* [Instructions to follow]: Give back only the lines in the records below from the one with "1月29日,云阳双土镇吉星村" to the one with "Create an Account", both inclusive, word for word.

─── Data for this exercise

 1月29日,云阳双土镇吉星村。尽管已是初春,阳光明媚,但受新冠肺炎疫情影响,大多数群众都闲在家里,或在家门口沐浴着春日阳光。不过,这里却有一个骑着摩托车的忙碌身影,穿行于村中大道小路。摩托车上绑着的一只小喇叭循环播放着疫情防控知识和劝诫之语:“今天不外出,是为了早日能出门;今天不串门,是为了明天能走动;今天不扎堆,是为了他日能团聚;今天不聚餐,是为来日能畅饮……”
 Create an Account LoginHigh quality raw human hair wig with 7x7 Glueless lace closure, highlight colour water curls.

──────
─── Data for this exercise

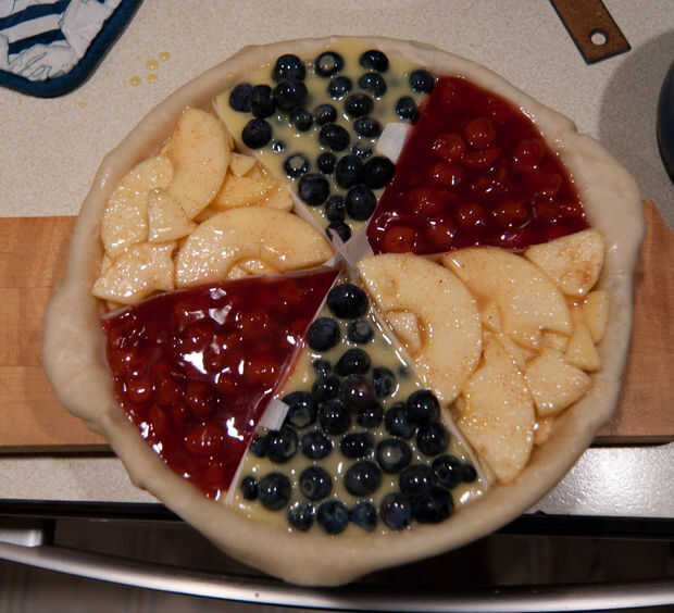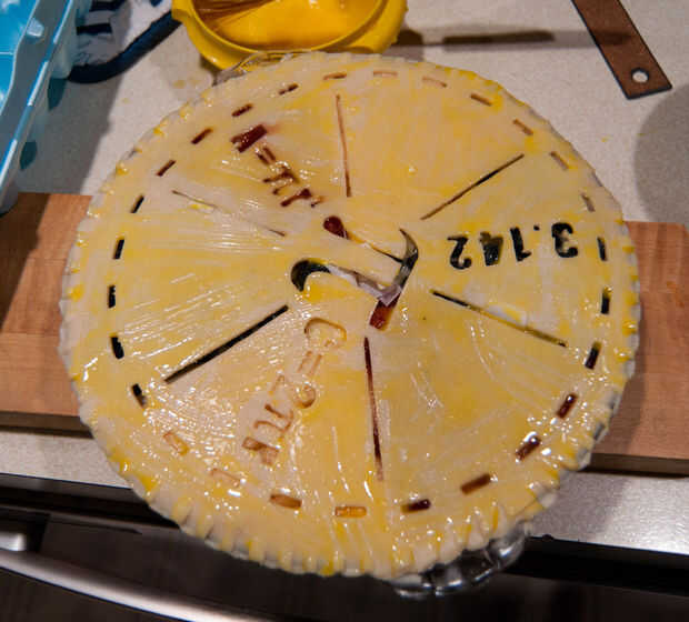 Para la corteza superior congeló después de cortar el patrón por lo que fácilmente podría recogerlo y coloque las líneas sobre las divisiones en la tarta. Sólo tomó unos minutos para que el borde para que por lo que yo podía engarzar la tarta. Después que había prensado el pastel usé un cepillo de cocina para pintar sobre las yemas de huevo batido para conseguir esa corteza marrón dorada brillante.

──────
─── Data for this exercise

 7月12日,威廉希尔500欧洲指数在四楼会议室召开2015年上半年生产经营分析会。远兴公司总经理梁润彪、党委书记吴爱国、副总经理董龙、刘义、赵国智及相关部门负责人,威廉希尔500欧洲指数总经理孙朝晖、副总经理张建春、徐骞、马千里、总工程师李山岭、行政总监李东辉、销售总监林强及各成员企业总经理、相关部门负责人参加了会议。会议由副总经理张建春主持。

──────

* [Final answer]:
 1月29日,云阳双土镇吉星村。尽管已是初春,阳光明媚,但受新冠肺炎疫情影响,大多数群众都闲在家里,或在家门口沐浴着春日阳光。不过,这里却有一个骑着摩托车的忙碌身影,穿行于村中大道小路。摩托车上绑着的一只小喇叭循环播放着疫情防控知识和劝诫之语:“今天不外出,是为了早日能出门;今天不串门,是为了明天能走动;今天不扎堆,是为了他日能团聚;今天不聚餐,是为来日能畅饮……”
 Create an Account LoginHigh quality raw human hair wig with 7x7 Glueless lace closure, highlight colour water curls.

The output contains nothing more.